--- What is expected ---
Your answer must be only the lines below from the one containing "Corniola di forma" through the one containing "商品説明 | 【洗濯機】", copied exactly, with the pictures left out.

--- Recorded information ---
◆ ◆ ◆
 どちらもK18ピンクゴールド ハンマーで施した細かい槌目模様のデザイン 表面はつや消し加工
◆ ◆ ◆
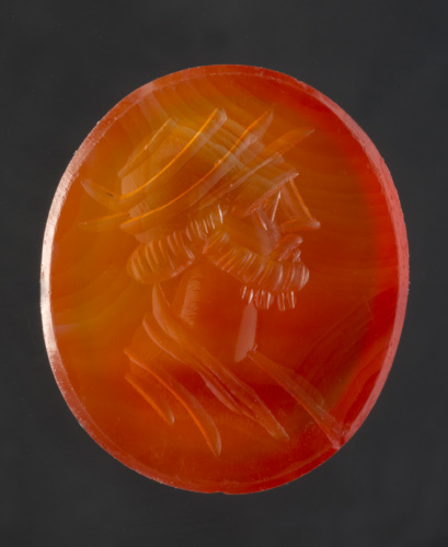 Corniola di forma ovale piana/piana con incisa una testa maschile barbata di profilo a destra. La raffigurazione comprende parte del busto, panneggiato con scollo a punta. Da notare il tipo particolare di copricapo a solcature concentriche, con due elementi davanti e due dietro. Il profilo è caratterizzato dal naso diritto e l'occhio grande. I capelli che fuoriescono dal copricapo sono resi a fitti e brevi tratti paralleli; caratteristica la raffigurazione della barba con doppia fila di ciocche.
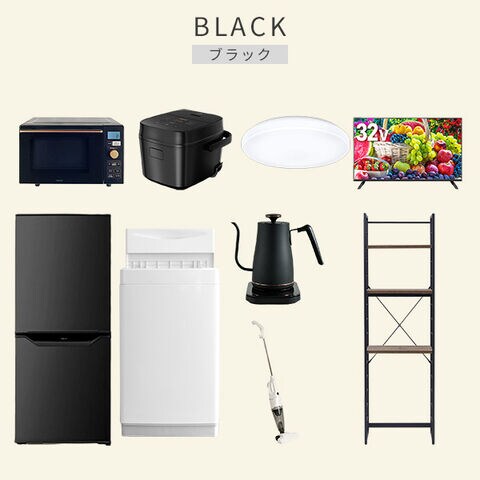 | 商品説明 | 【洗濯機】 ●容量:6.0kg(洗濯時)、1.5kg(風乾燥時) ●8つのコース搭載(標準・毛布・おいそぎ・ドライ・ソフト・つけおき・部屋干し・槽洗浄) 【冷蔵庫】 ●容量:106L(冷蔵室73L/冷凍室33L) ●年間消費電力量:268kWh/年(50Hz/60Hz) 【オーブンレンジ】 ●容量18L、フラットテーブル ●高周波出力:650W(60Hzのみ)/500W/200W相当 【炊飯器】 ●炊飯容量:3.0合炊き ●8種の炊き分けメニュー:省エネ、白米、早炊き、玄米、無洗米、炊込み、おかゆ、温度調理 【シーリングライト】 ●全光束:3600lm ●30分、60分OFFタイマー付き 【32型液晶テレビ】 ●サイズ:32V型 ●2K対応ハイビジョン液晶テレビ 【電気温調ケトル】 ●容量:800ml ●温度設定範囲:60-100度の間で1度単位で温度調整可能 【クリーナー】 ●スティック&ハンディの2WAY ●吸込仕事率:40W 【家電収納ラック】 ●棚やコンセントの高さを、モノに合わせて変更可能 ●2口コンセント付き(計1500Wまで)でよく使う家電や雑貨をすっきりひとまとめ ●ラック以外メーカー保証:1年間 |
◆ ◆ ◆
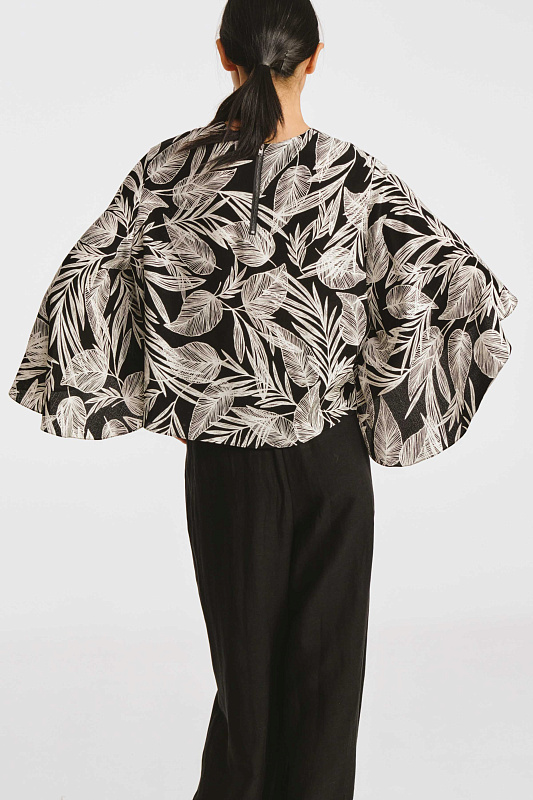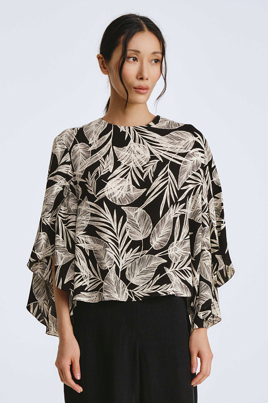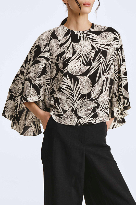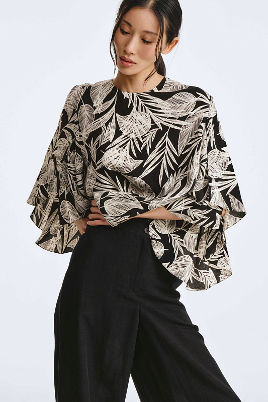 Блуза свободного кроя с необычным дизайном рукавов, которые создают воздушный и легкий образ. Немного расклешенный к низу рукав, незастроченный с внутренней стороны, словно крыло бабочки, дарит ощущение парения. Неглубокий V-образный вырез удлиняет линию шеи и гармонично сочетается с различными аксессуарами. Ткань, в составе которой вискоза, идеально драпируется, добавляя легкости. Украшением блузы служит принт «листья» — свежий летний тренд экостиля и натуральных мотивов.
◆ ◆ ◆
--- Solution ---
 Corniola di forma ovale piana/piana con incisa una testa maschile barbata di profilo a destra. La raffigurazione comprende parte del busto, panneggiato con scollo a punta. Da notare il tipo particolare di copricapo a solcature concentriche, con due elementi davanti e due dietro. Il profilo è caratterizzato dal naso diritto e l'occhio grande. I capelli che fuoriescono dal copricapo sono resi a fitti e brevi tratti paralleli; caratteristica la raffigurazione della barba con doppia fila di ciocche.
 | 商品説明 | 【洗濯機】 ●容量:6.0kg(洗濯時)、1.5kg(風乾燥時) ●8つのコース搭載(標準・毛布・おいそぎ・ドライ・ソフト・つけおき・部屋干し・槽洗浄) 【冷蔵庫】 ●容量:106L(冷蔵室73L/冷凍室33L) ●年間消費電力量:268kWh/年(50Hz/60Hz) 【オーブンレンジ】 ●容量18L、フラットテーブル ●高周波出力:650W(60Hzのみ)/500W/200W相当 【炊飯器】 ●炊飯容量:3.0合炊き ●8種の炊き分けメニュー:省エネ、白米、早炊き、玄米、無洗米、炊込み、おかゆ、温度調理 【シーリングライト】 ●全光束:3600lm ●30分、60分OFFタイマー付き 【32型液晶テレビ】 ●サイズ:32V型 ●2K対応ハイビジョン液晶テレビ 【電気温調ケトル】 ●容量:800ml ●温度設定範囲:60-100度の間で1度単位で温度調整可能 【クリーナー】 ●スティック&ハンディの2WAY ●吸込仕事率:40W 【家電収納ラック】 ●棚やコンセントの高さを、モノに合わせて変更可能 ●2口コンセント付き(計1500Wまで)でよく使う家電や雑貨をすっきりひとまとめ ●ラック以外メーカー保証:1年間 |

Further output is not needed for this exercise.